Поэзия Бориса Пастернака
Шрифт:
Лишенная броских эффектов, последняя строфа держится на полновесной рифме - канонической, в конце стиха (изданы - издавна) и внутренней (законы - знакома). Накатываясь одна на другую, они раздельны и в то же время чем-то связаны. Если не слишком нажимать на гласные, то три последних стиха, вслед за «льющейся» первой строкой (четырежды «л») зазвенят своим внутренним звоном: з-зд, з-д, з-зд. И это при том, что в целой строфе нет ни одного «р», того самого, что так рокотало в начале и постепенно ослабевало, сходило на нет. Финал этого прекрасно разыгранного этюда - простой, ясный, умиротворенно-торжествующий. Два примечания.
Блок, послушав разбор стихов в студии Гумилева, сказал что-то вроде: наверное, это так, но поэту об этом вредно знать. Я вовсе не думаю, что звуковая организация стихотворения (здесь отмечена всего лишь одна ее сторона) была плодом скрупулезного, микроскопического отмеривания.
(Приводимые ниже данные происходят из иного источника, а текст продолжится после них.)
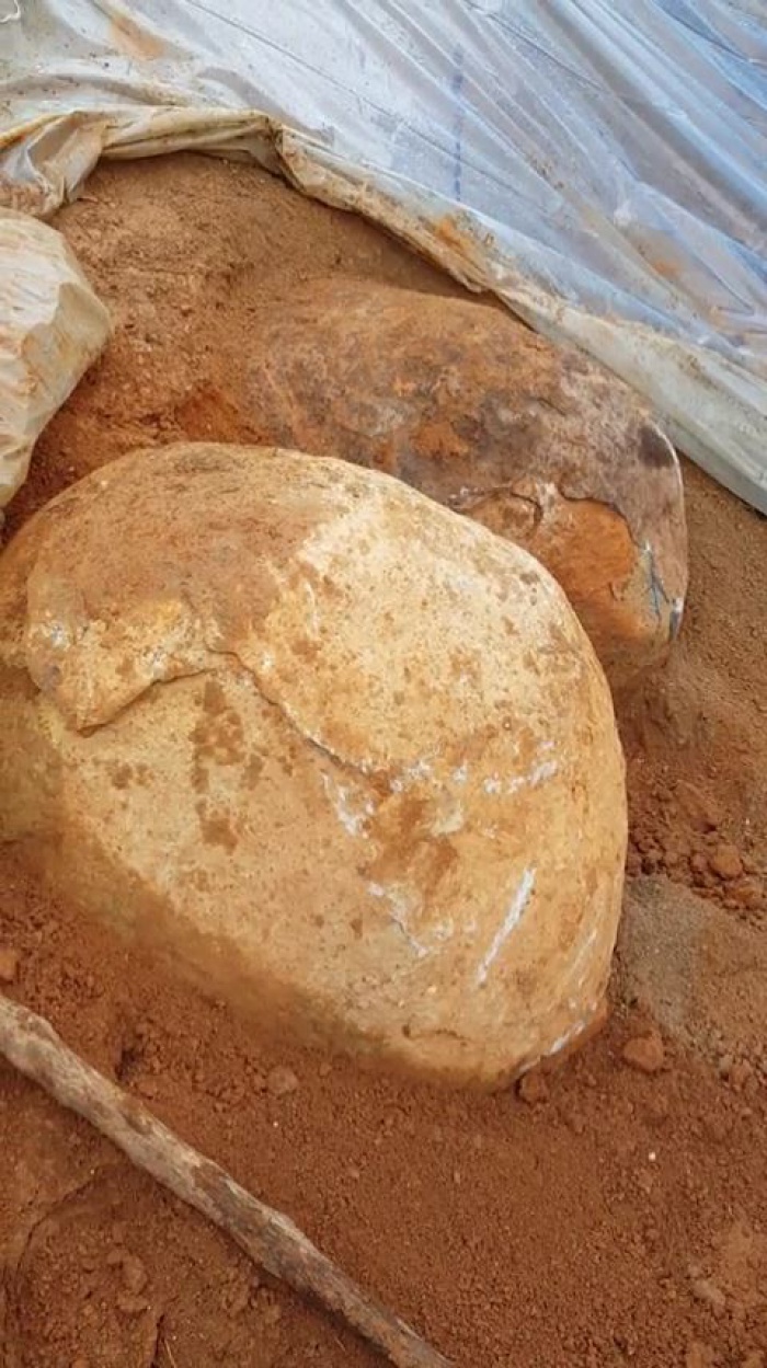 | △ 국립서울현충원 故 김영삼 전 대통령의 묘역에서 봉황알을 닮았다고 주장하는 돌덩이 7개가 나와 화제가 되고 있다. 장례위 관계자는 봉황알을 닮아 풍수지리상 좋은 징조라 주장하나, 봉황은 상상의 동물도 그 실체가 없다. 다만 크기로 보아 공룡알 정도로 보인다.(영상화면 캡처=장례위 관계자 제공 영상) 포커스뉴스 focusnews@focus.kr |
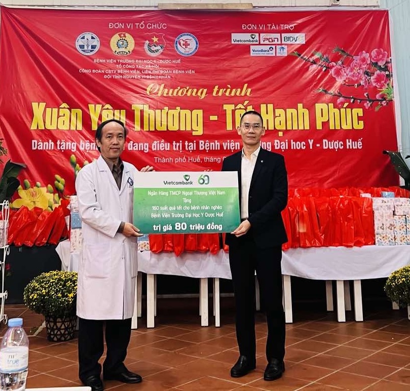 “Vietcombank chung tay vì người nghèo” là chương trình an sinh xã hội nằm trong chuỗi các hoạt động hướng tới kỉ niệm 60 năm thành lập Vietcombank, 30 năm thành lập Công đoàn Ngân hàng Việt Nam và chào mừng Đại hội Công đoàn các cấp. Trong khuôn khổ chương trình, đại diện Công đoàn cơ sở Vietcombank Huế đã trao tặng 1.020 suất quà Tết đến tận tay các gia đình chính sách, hộ nghèo, hộ gia đình có hoàn cảnh khó khăn trên địa bàn huyện Phong Điền, Nam Đông, A Lưới, một số phường thuộc TP Huế và bệnh nhân nghèo đang điều trị tại Bệnh viện Trung ương Huế, Bệnh viện Trường Đại học Y Dược Huế.

Вся эта «звукопись» проступила изнутри и, надо полагать, стихийно совместилась с движением мотивов, волнами ритма. Важно не как писалось, а что получилось. Важно отметить эту сторону еще и потому, что в стихотворении нет обычных и характерных для Пастернака образов зрительного плана. Здесь только «место у колонн» надо обязательно «увидеть», чтобы понять, в какой ассоциативной связи появились номерок, талон, пропуск, бляшка и «загробный гул корней и лон». Стихотворение - «словесное», в нем преобладают слова не предметного, а абстрактного плана (стать, суть, музыка, рок, миры и т. д.). В нем властвует магия слова и ритма, фактор, широко говоря, «музыкальный».
И второе. Стихотворение в разборе разбито на куски, которые перемежаются необходимым, по ходу дела, комментарием. Надеюсь, что читатель сейчас перечтет его заново, и лучше по натуральному тексту - по сборнику, тому. Важно, как выглядит целое стихотворение - оно и читается тогда по-другому.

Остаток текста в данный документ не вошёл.